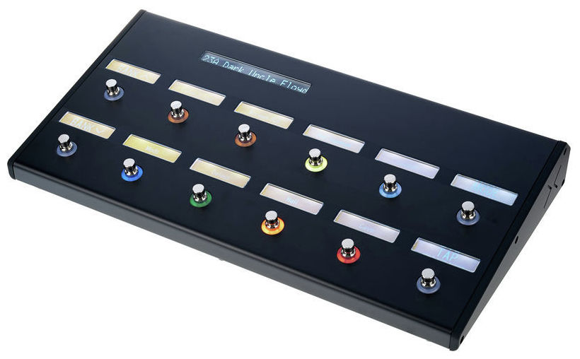- Двенадцать сенсорных ножных переключателей с многоцветной светодиодной подсветкой и отдельными настраиваемыми графическими дисплеями;
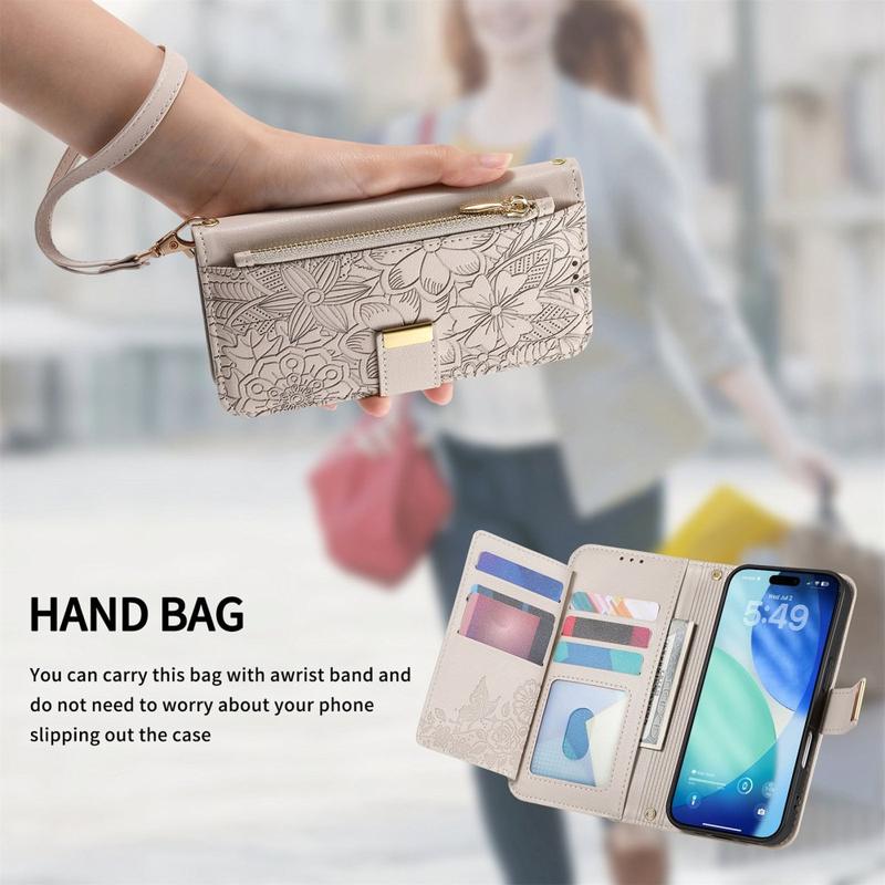 Houd je essentials georganiseerd terwijl je elegantie toevoegt aan je iPhone Air met deze portemonneehoes met bloemenbladmotief. Ontworpen met meerdere kaartsleuven, een veilig ritsvak en een afneembare polsband, is het de perfecte mix van functionaliteit en stijl. Hij is gemaakt van duurzaam TPU en polyurethaan, biedt betrouwbare bescherming en is tegelijkertijd een modieuze alles-in-één portemonnee.
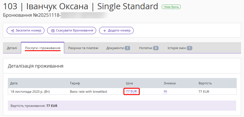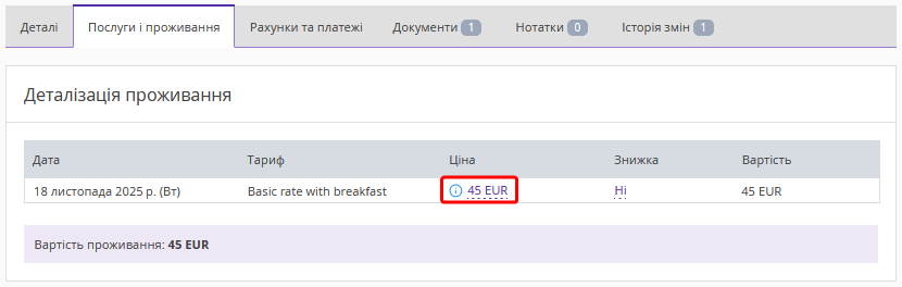 У карті бронювання перейдіть на вкладку «Послуги і проживання». У блоці «Деталізація проживання» натисніть на ціну.
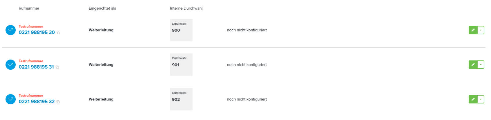 Die Freischaltung von Testrufnummern erfolgt im Menüpunkt „Administration“, und dann im Unterpunkt „Rufnummern“. Hier müssen Sie den Button „Testrufnummern aktivieren“ drücken. Danach stehen Ihnen die Testrufnummern direkt zur Verfügung. Die Testrufnummern haben eine Kölner Vorwahl 0221. Bitte beachten Sie jedoch, dass Anrufe ins Ausland während der Testphase nicht gestattet sind.
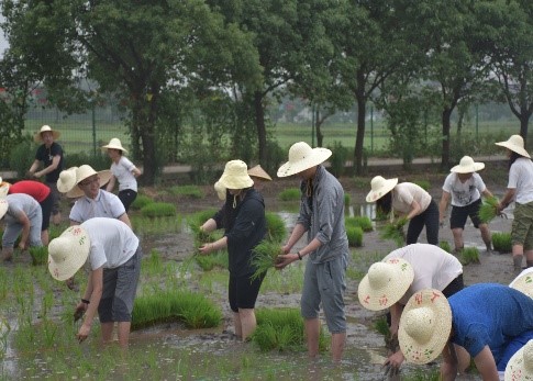 为了感受劳动人民拓荒经营与辛勤劳作的精神,党员们来到田间进行插秧体验。在专业人员的理论讲解和操作示范后,大家纷纷卷起裤管,挽上衣袖,从生疏到熟练,从歪斜到整齐,在众人的努力之下,大片水田很快插满绿油油的秧苗。活动中,师生党员与村民们共同劳作,增长了知识,丰富了体验,更深切体会到粮食的来之不易。
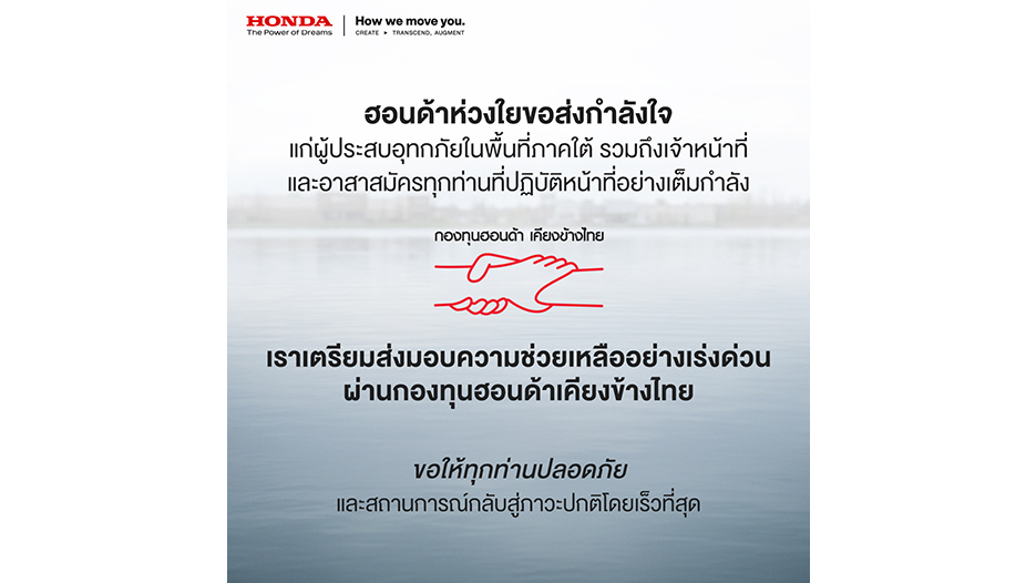 จากสถานการณ์อุทกภัยที่ทวีความรุนแรง และส่งผลกระทบต่อการดำเนินชีวิตของประชาชนในหลายพื้นที่ทางภาคใต้ ณ ขณะนี้ บริษัท ฮอนด้า ออโตโมบิล (ประเทศไทย) จำกัด ขอแสดงความห่วงใยต่อผู้ประสบอุทกภัย พร้อมส่งกำลังใจถึงเจ้าหน้าที่และอาสาสมัครทุกท่านที่ทุ่มเทแรงกายแรงใจในการช่วยเหลืออย่างเต็มกำลัง
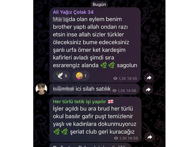 Kahramanmaraş ve Şanlıurfa’da peş peşe yaşanan okul saldırıları Türkiye’yi yasa boğdu. Saldırıların ardından Telegram gruplarında paylaşılan mesajlar adeta kan dondurdu.
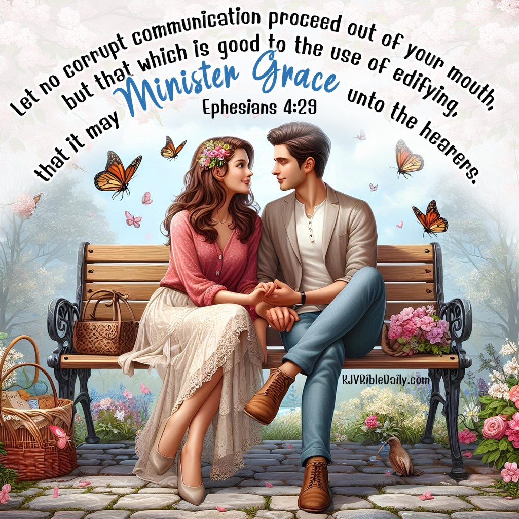 Ephesians 4:29 KJV Share this:Tweet Click to share on WhatsApp (Opens in new window) WhatsApp Click to print (Opens in new window) Print Click to share on Reddit (Opens in new window) Reddit Click to email a link to a friend (Opens in new window) Email Share on TumblrPocket Click to share on Telegram (Opens in new window) Telegram Like Loading... Related
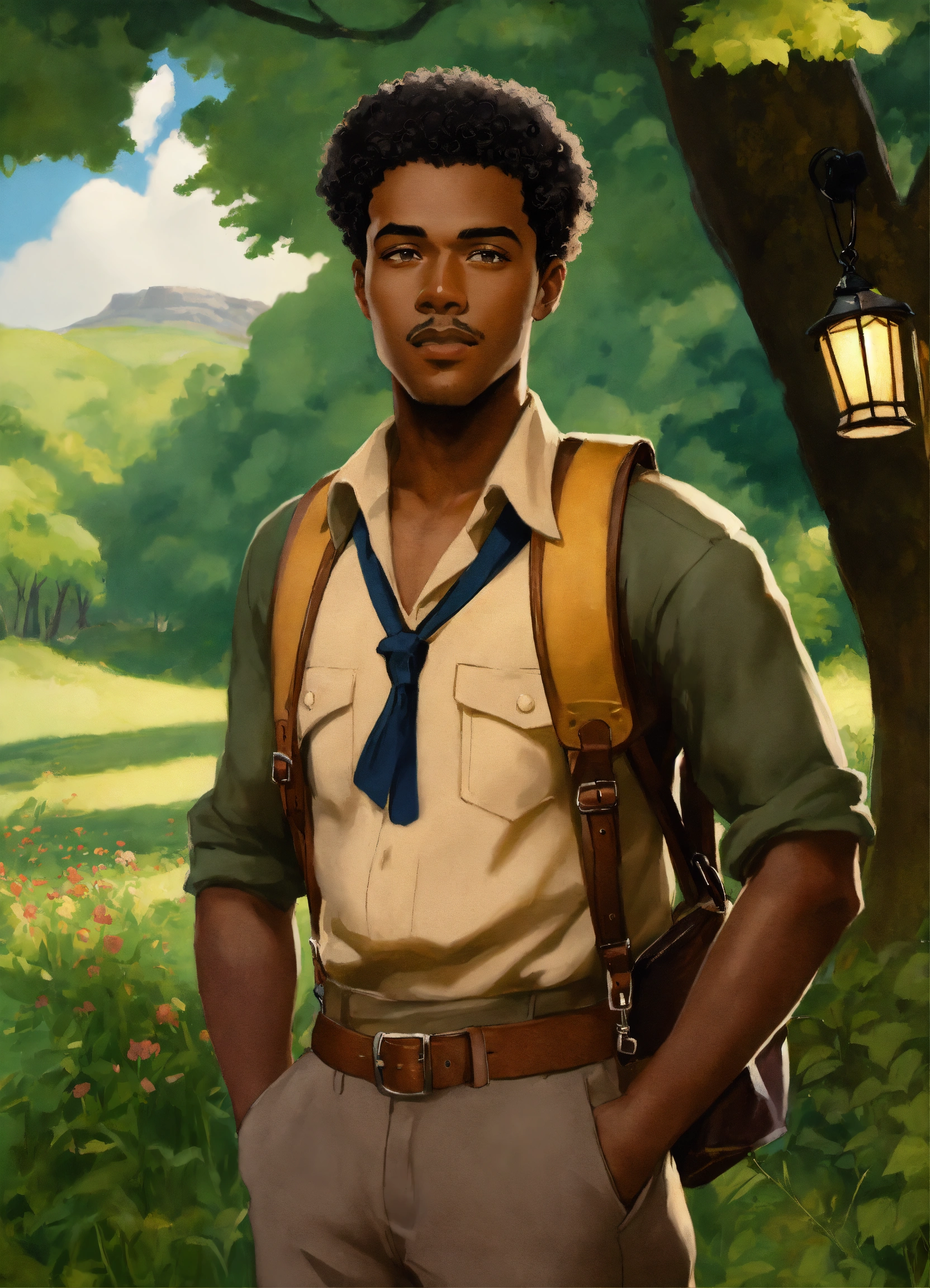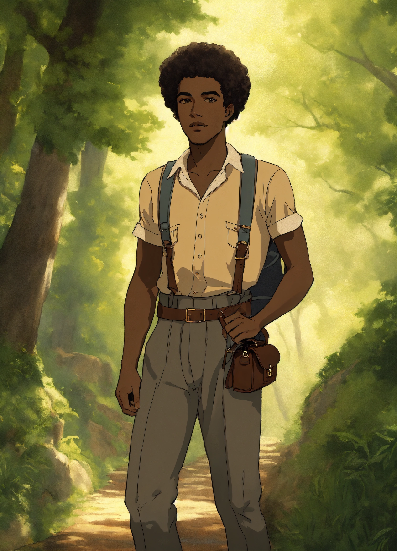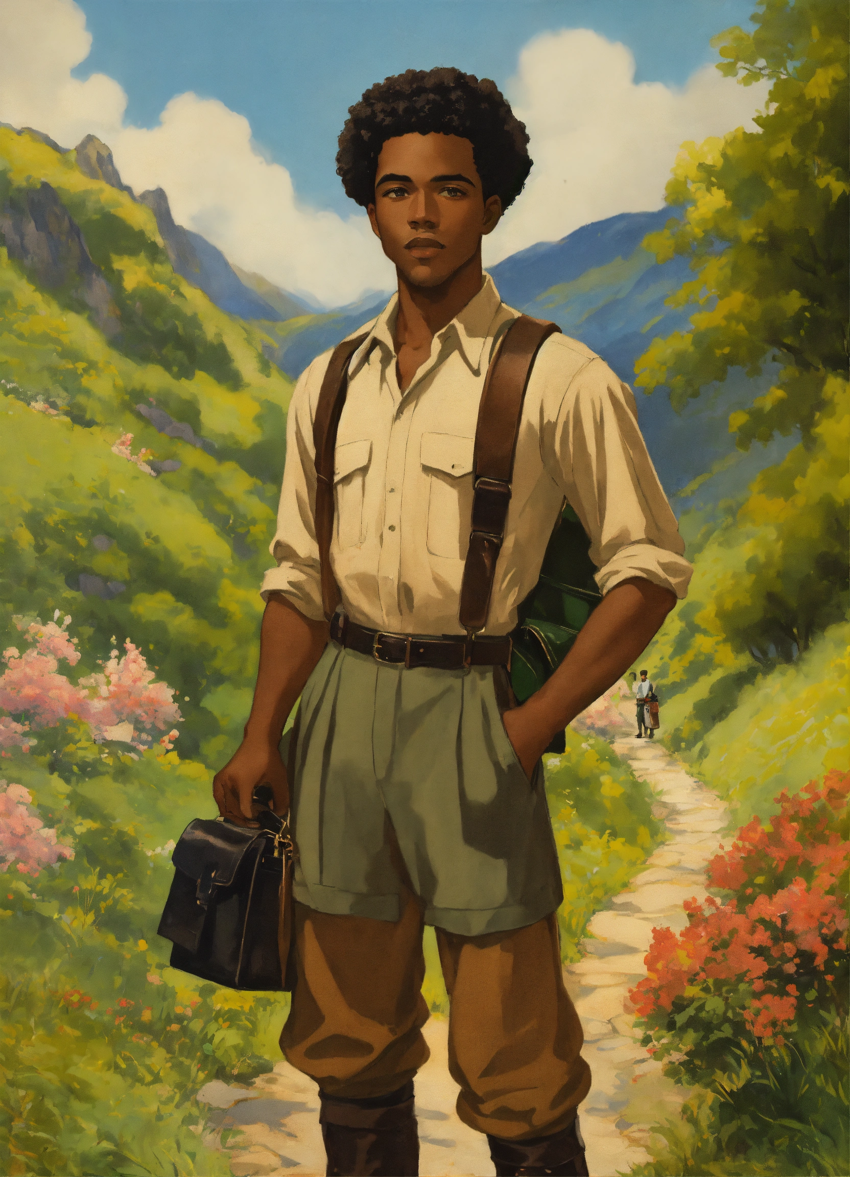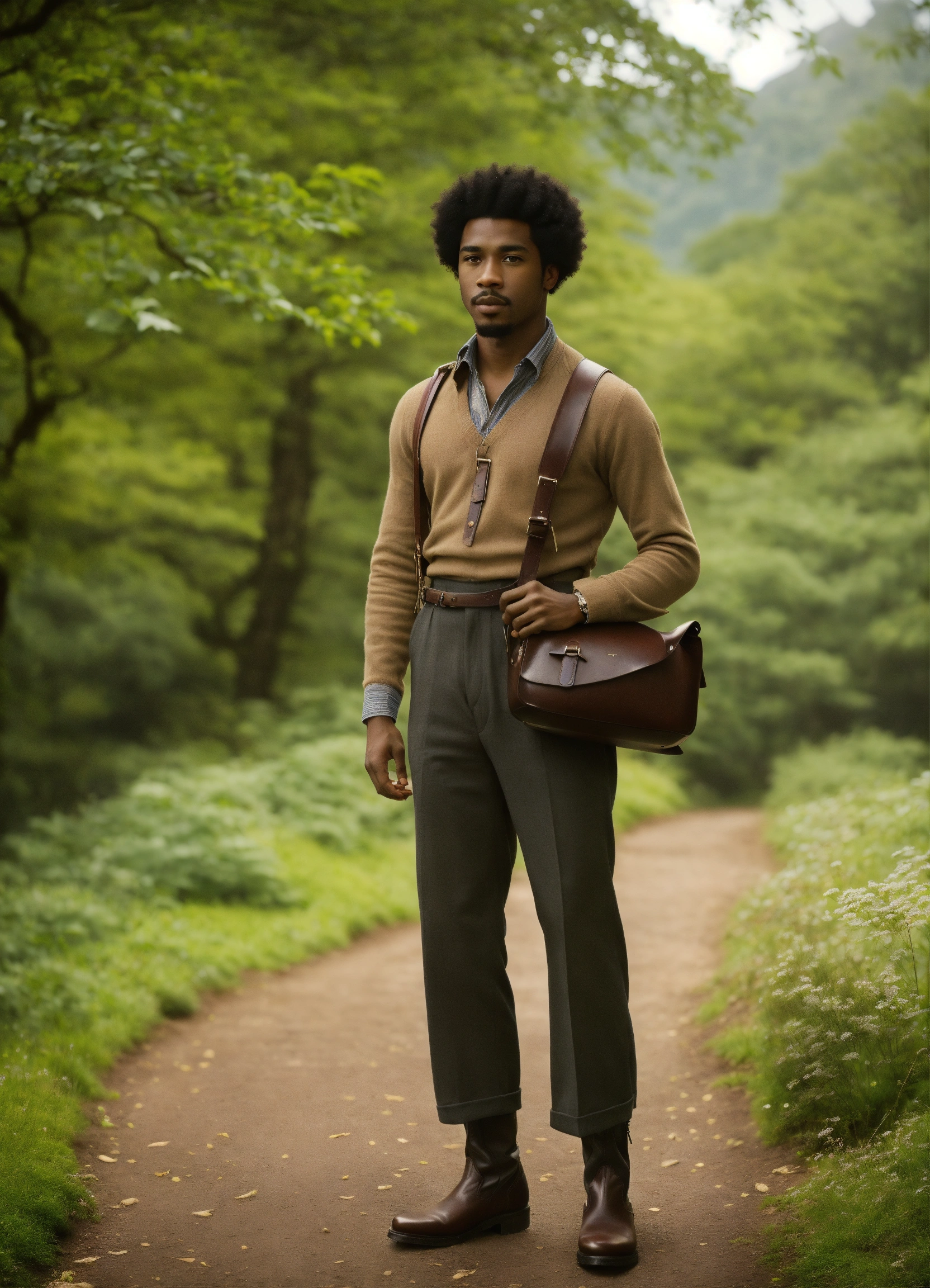 A 1930s portrait of an extremely handsome black man with short afro hair, hazel eyes standing in a glen with a satchel and boots by studio ghibli.

# Assignment
What is needed is an exact reproduction of the data, pictures excluded.

# Output of the exercise
- Двенадцать сенсорных ножных переключателей с многоцветной светодиодной подсветкой и отдельными настраиваемыми графическими дисплеями;
 Houd je essentials georganiseerd terwijl je elegantie toevoegt aan je iPhone Air met deze portemonneehoes met bloemenbladmotief. Ontworpen met meerdere kaartsleuven, een veilig ritsvak en een afneembare polsband, is het de perfecte mix van functionaliteit en stijl. Hij is gemaakt van duurzaam TPU en polyurethaan, biedt betrouwbare bescherming en is tegelijkertijd een modieuze alles-in-één portemonnee.
 У карті бронювання перейдіть на вкладку «Послуги і проживання». У блоці «Деталізація проживання» натисніть на ціну.
 Die Freischaltung von Testrufnummern erfolgt im Menüpunkt „Administration“, und dann im Unterpunkt „Rufnummern“. Hier müssen Sie den Button „Testrufnummern aktivieren“ drücken. Danach stehen Ihnen die Testrufnummern direkt zur Verfügung. Die Testrufnummern haben eine Kölner Vorwahl 0221. Bitte beachten Sie jedoch, dass Anrufe ins Ausland während der Testphase nicht gestattet sind.
 为了感受劳动人民拓荒经营与辛勤劳作的精神,党员们来到田间进行插秧体验。在专业人员的理论讲解和操作示范后,大家纷纷卷起裤管,挽上衣袖,从生疏到熟练,从歪斜到整齐,在众人的努力之下,大片水田很快插满绿油油的秧苗。活动中,师生党员与村民们共同劳作,增长了知识,丰富了体验,更深切体会到粮食的来之不易。
 จากสถานการณ์อุทกภัยที่ทวีความรุนแรง และส่งผลกระทบต่อการดำเนินชีวิตของประชาชนในหลายพื้นที่ทางภาคใต้ ณ ขณะนี้ บริษัท ฮอนด้า ออโตโมบิล (ประเทศไทย) จำกัด ขอแสดงความห่วงใยต่อผู้ประสบอุทกภัย พร้อมส่งกำลังใจถึงเจ้าหน้าที่และอาสาสมัครทุกท่านที่ทุ่มเทแรงกายแรงใจในการช่วยเหลืออย่างเต็มกำลัง
 Kahramanmaraş ve Şanlıurfa’da peş peşe yaşanan okul saldırıları Türkiye’yi yasa boğdu. Saldırıların ardından Telegram gruplarında paylaşılan mesajlar adeta kan dondurdu.
 Ephesians 4:29 KJV Share this:Tweet Click to share on WhatsApp (Opens in new window) WhatsApp Click to print (Opens in new window) Print Click to share on Reddit (Opens in new window) Reddit Click to email a link to a friend (Opens in new window) Email Share on TumblrPocket Click to share on Telegram (Opens in new window) Telegram Like Loading... Related
 A 1930s portrait of an extremely handsome black man with short afro hair, hazel eyes standing in a glen with a satchel and boots by studio ghibli.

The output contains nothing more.